Но она не умела читать и в тревоге, вся дрожа, глядела на эту бумагу, испещренную чернильными знаками. Она сунула ее в карман, не смея доверить кому-либо свою тайну; во время работы она часто останавливалась и подолгу вглядывалась в равномерно расположенные строчки, заканчивавшиеся подписью, с какой-то смутной надеждой, что, быть может, ей вдруг откроется их смысл.
Наконец, сходя с ума от нетерпения и беспокойства, она отправилась к школьному учителю. Тот усадил ее и прочел вслух:
...
«Дорогая дочь, настоящим письмом извещаю тебя, что я со всем плоха. Наш сосед, мэтр Дантю, взялся написать тебе, чтобы ты приехала, если можешь.
За твою любящую матьСезар Дантю, помощник мэра».
Роза ушла, не сказав ни слова, но, как только она осталась одна, ноги у нее подкосились, и она села на краю дороги; так она просидела до вечера.
Вернувшись, она рассказала фермеру о своем горе, и он отпустил ее на столько времени, сколько ей понадобится, обещав поручить ее работу поденщице и взять ее обратно, когда она вернется.
Мать ее была уже в агонии и умерла в самый день приезда дочери. А на следующий день Роза родила семимесячного ребенка, крошечный жуткий скелет, до того худой, что на него нельзя было смотреть без содрогания. Его жалкие ручонки, костлявые, как клешни краба, сводило мучительной судорогой, словно от постоянной боли.
Тем не менее он выжил.
Роза говорила всем, что она замужем, но не имеет возможности возиться с малышом. Она оставила его у соседей, которые обещали о нем заботиться.
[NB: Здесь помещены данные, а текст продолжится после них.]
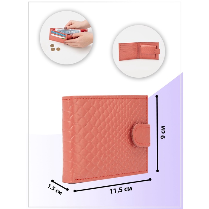 Кошелёк женский на кнопке TEXTURA, цвет чайной розы — Характеристики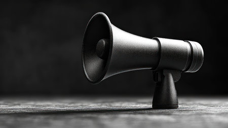 A classic megaphone, rendered with a metallic and wooden finish, is isolated against a dark backdrop. The image showcases the object's details, emphasizing its shape and texture. It is likely used for marketing materials, presentations or any visual content related to communication. The lighting is focused, casting shadows.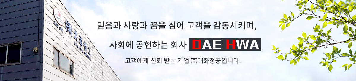 우리 회사 ㈜대화 정공은 1998년 창사이래 꾸준히 자동차 부품산업에 20여 년간 매진하여 고객이 만족하는 품질의 제품을 만들고자 꾸준히 노력하여 왔으며 앞으로도
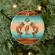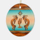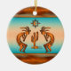 Personalisieren Sie dieses "Eine von einer Art" Südwest Kokopelli Weihnachtsschmuck! Es hat zwei südwestliche Kokopelli in Kupfer und Schwarz Playing the Flute und Tanzen rund um einen Kaktus Unter der Sonne auf einem ... Türkis und Orange Sonnenuntergang Hintergrund! Original Art Design von Künstler Kerry Miller.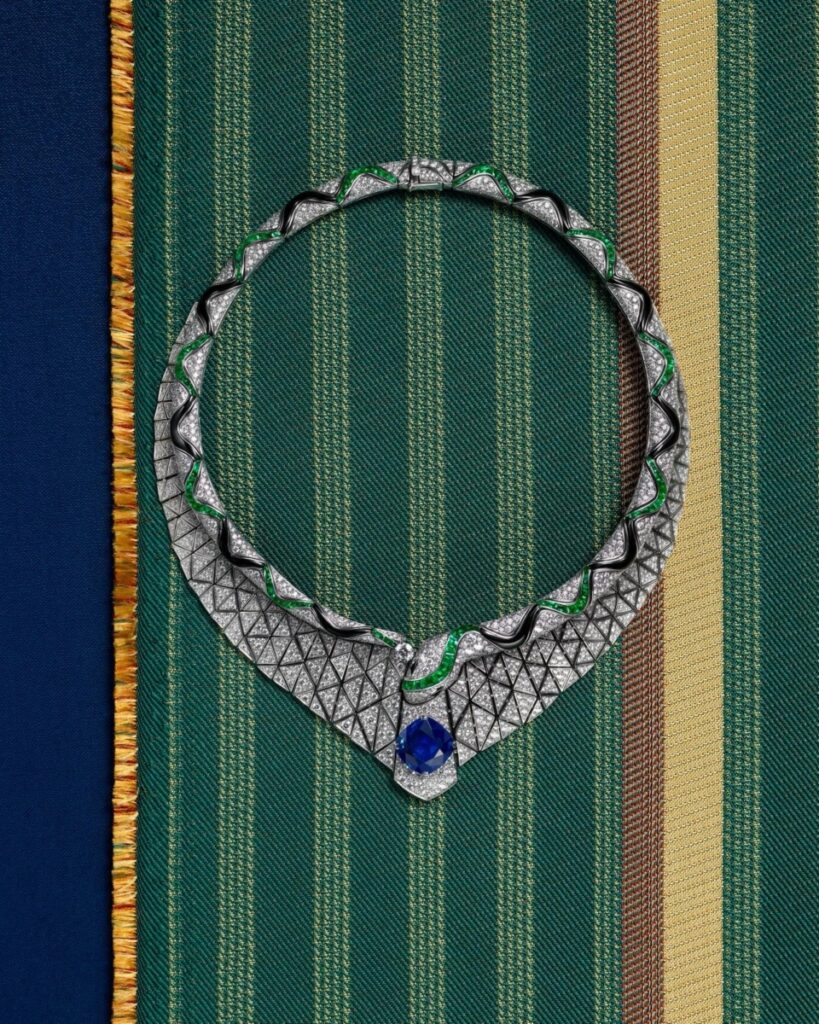 The collection showcases a series of extraordinary pieces, including the Seres Scarf necklace inspired by Art Deco geometries and the works of Tamara de Lempicka, crafted with over 1,180 components and centered around a 31.90-carat sapphire.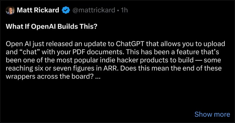 Open AI has released an update to ChatGPT that enables users to 'chat' with PDF documents. This update may lead to increased competition and lower margins in the market for similar products. Large companies like OpenAI face unique challenges when entering new markets.
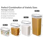 Perfect Combination of Variety Sizes — Our 8 Pcs airtight food containers come in 4 sizes for all your storage needs, 2 Tall Container (2.5QT/2.8L), 2 Large Container (1.8QT/2.0L), 2 Medium Containers (1.5QT/1.6L), 2 Small Container(0.7QT/0.8L). Perfect for storing spaghetti, cereal, flour, sugar,pasta, nuts, rice, grain, beans, snacks and other dry food.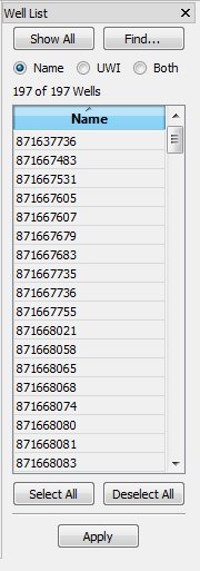 Well List: A list of wells in the project. The number of wells currently in the well list, and the total number of wells in the project are displayed above the list. To manually select or deselect a well from the well list, click in the cell. Note that you need to apply click to apply well selections to display windows and dialog boxes.
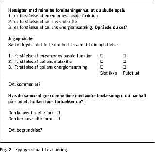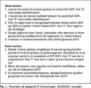 Læringen bliver mere effektiv, hvis deltagerne er aktive, dvs. på en bevidst måde opbygger komplekse kundskabsnetværk. Verbalisering bidrager betydeligt til denne proces [1]. Med henblik på at opnå forbedret læring er der udviklet såkaldt studenteraktiverende arbejdsformer, f.eks. problembaseret læring (PBL) og casemetode. De er effektive, men resursekrævende, både hvad angår træning af lærere og lærertid [2]. Simplere metoder til at forbedre læringsprocessen hos universitetsstuderende er derfor af stor interesse. I den konventionelle 45-minutters-forelæsning falder koncentrationen almindeligvis efter ca. 20 minutter. Studenterne bliver uopmærksomme, og læringen er ikke længere optimal [3, 4]. Dette forløb kan modvirkes ved at føje aktiverende momenter ind i forelæsningen. I mindre grupper kan det lade sig gøre ved en diskussion mellem forelæseren og auditoriet, men en sådan diskussion bliver ikke effektiv med store grupper af studerende. Her kan man i stedet gøre følgende: Læreren har på forhånd forberedt en række spørgsmål vedrørende det stof, som gennemgås ved forelæsningen. Forelæsningen afbrydes, og de studerende opfordres til at tage stilling til og herefter besvare spørgsmålene. Princippet er beskrevet i flere pædagogiske lærebøger og artikler [3, 4]. Vi ønskede at afprøve og evaluere et sådant koncept på nogle forelæsninger i biokemi for medicinstuderende på ny studieordning på fjerde semester på lægestudiet ved Københavns Universitet med henblik på at undersøge tidsforbrug i forelæsningstimen, nødvendig uddannelse af forelæseren og accept af metoden hos de studerende.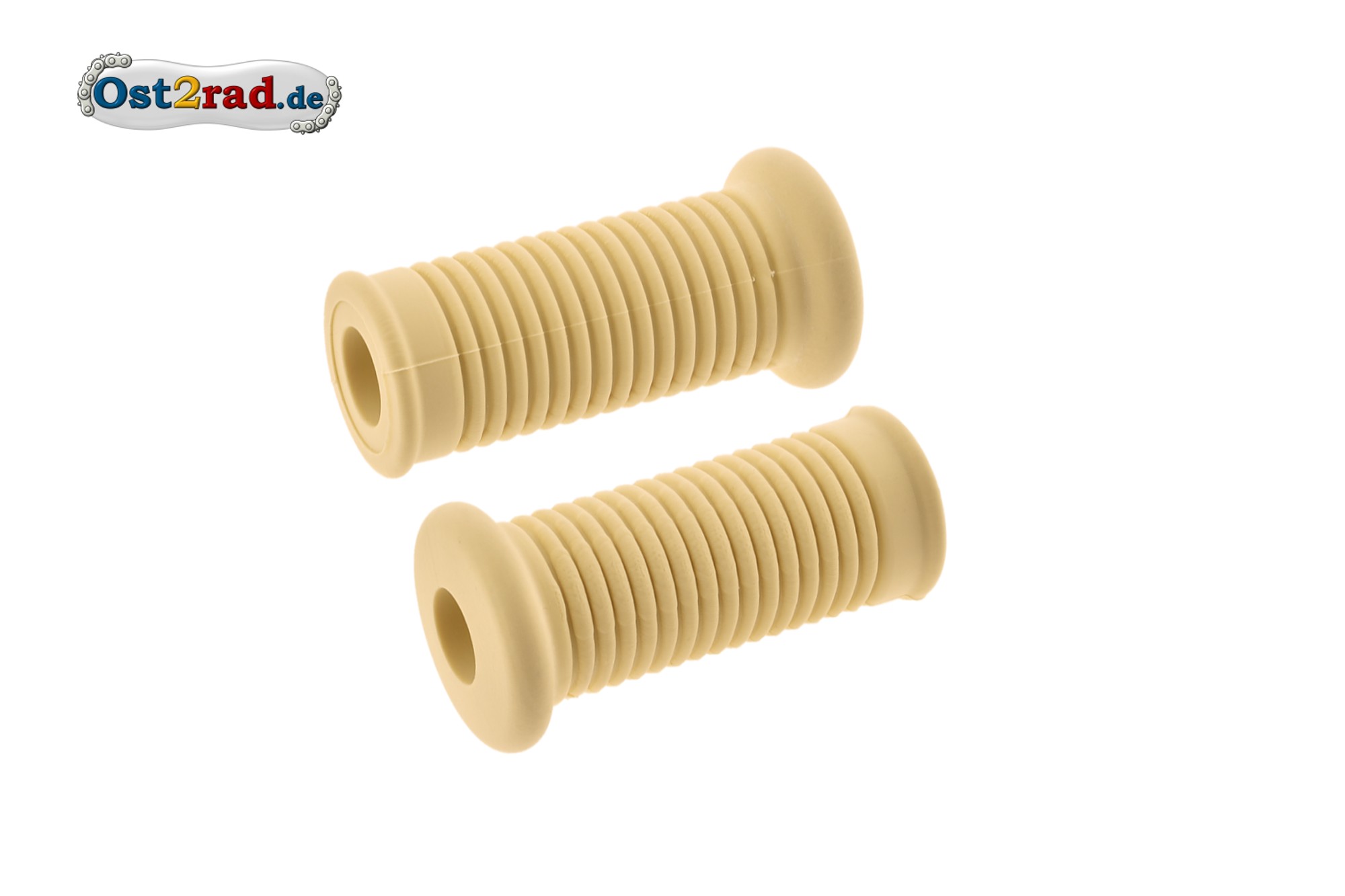 2 ks gumových zadních stupaček spolujezdce, krémová béžová barva. Pro moto SIMSON S50, S51, S70, S53, S83, KR51/1, KR51/2 a MZ ES175/0, ES175/1, ES250/0, ES250/1, TS250/0, TS250/1, ETS250, ETZ125, ETZ150, ETZ250, ETZ251 a ETZ301. I prodalší veterány.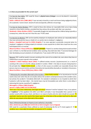 These are comprehensive, color coded notes for all 13 weeks of content. All cases (including detailed summaries) and statutes learnt are included. It is a helpful summary of all readings set for the course. There is a step by step structure for how to answer a problem question in almost every week's topic, which was extemely helpful when I did my exam and allowed me to get 90%. Kitt Barker's own comments from seminars have been included for many topics as well (super useful for an essay question)! Topics include: Psychiatric harm, Economic Loss I (policy concerns and new cases), II (relational economic loss), III (negligent mistatement), IV (defective premises), Defamation, Defamation defences, Invasion of privacy, VIcarious liability, Tort compensation schemes. Important takeaway from the cases & ratio decidendi all highlighted. The structure of the notes is set out very clearly and I have received feedback that the notes are very helpful for exam preparation! In the sample notes, a sneak peek of the notes for Psychiatric harm, Economic loss IV, Defamation, Invasion of privacy, Vicarious liability and Tort compensation schemes have been included. Note that these topics have been majorly shortened to just provide you with an idea of the structure.

Она возвратилась на ферму.
Но теперь в ее наболевшем сердце занялась заря неизведанной доселе любви к жалкому маленькому существу, оставленному там, в деревне. И любовь эта стала для нее новым страданием, страданием ежечасным, ежеминутным, оттого что она была разлучена со своим ребенком.
Больше всего ее мучило безумное желание целовать его, сжимать в своих объятиях, ощущать своим телом теплоту маленького тельца. Она не спала по ночам.